L’agonie de Juda allait commencer. Néchao avait installé pour roi un autre fils de Josias, Joiakim (608-598). Juda devenait un enjeu de plus dans la main de l’Égypte dans sa lutte contre Babylone. Entre les deux formidables adversaires, il fallait au petit Juda, pour n’être pas écrasé, beaucoup d’habileté politique et beaucoup de loyauté. Les successeurs de Josias n’eurent ni l’une ni l’autre. La politique des prophètes était de rester fidèle à Babylone, avec qui Juda s’était lié dès le temps d’Ezéchias et qui avait délivré le monde de Ninive. C’était pour cette politique que Josias s’était fait tuer à Megiddo : c’était la politique de Jérémie, qui sans doute avait approuvé, peut-être conseillé, la marche de Josias : autrement, avec le style de l’homme, au lieu de pleurer sur sa tombe, il y eût versé l’anathème. Déjà d’ailleurs dans le grand duel entre l’Égypte et Babylone, l’Égypte reculait : l’Égypte n’avait de puissance que le souvenir de son passé, et Babel contre l’Égypte, c’était la réalité de la force luttant contre l’ombre. Néchao, vaincu à Carchemis, s’enfuit de l’Euphrate sur le Nil : Nabuchodnozor parut devant Jérusalem et reçut les hommages de Joiakim. Le devoir politique était clair : les jeunes gens qui se succédèrent sur le trône de Jérusalem ne le virent pas.

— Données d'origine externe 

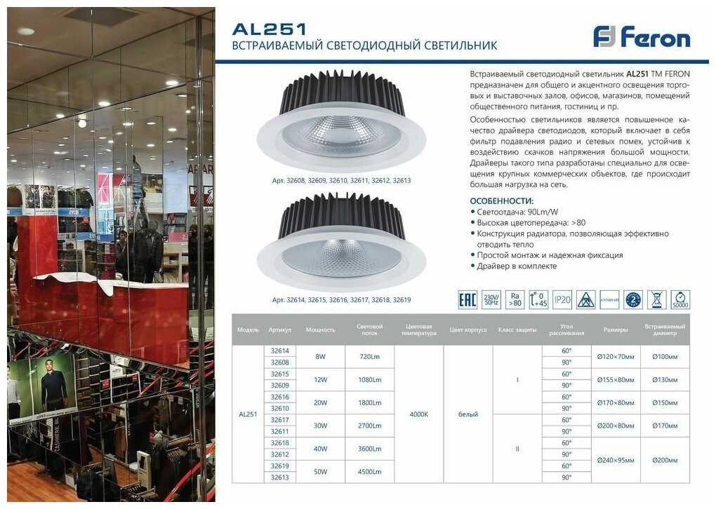 | Комплектация | Встраиваемые светильники Feron 32610 |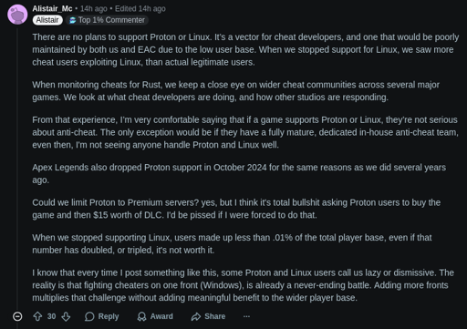 arrow-up1140arrow-down1imageThe COO at Facepunch Studios (developers of Rust) commented on Rust Linux support, and it might never be supported again in the foreseeable futurelemmy.mlmr_MADAFAKA@lemmy.ml to Linux Gaming@lemmy.worldEnglish · 1 month agomessage-square59linkfedilinkfile-text

Ils intriguaient avec l’Égypte épuisée, prêtaient l’oreille à ses promesses, s’appuyaient sur le roseau qui leur perçait la main. Trois ans plus tard, après sa soumission au Chaldéen, Joiakim soulevait le joug et refusait le tribut. C’était le commencement de la fin. Une première déportation et le pillage du temple châtièrent la révolte (598). Joiakim était mort durant la guerre : son fils Joiachin, âgé de dix-huit ans, alla, après trois mois de règne et de siège, mourir captif à Babylone. Le dernier fils de Josias, le dernier roi de Jérusalem, Sédécias, renouvelle la folle tentative : elle amène le siège de Jérusalem, la prise et la destruction de la ville, l’incendie du temple, la déportation des hautes classes (588 av. J.-C).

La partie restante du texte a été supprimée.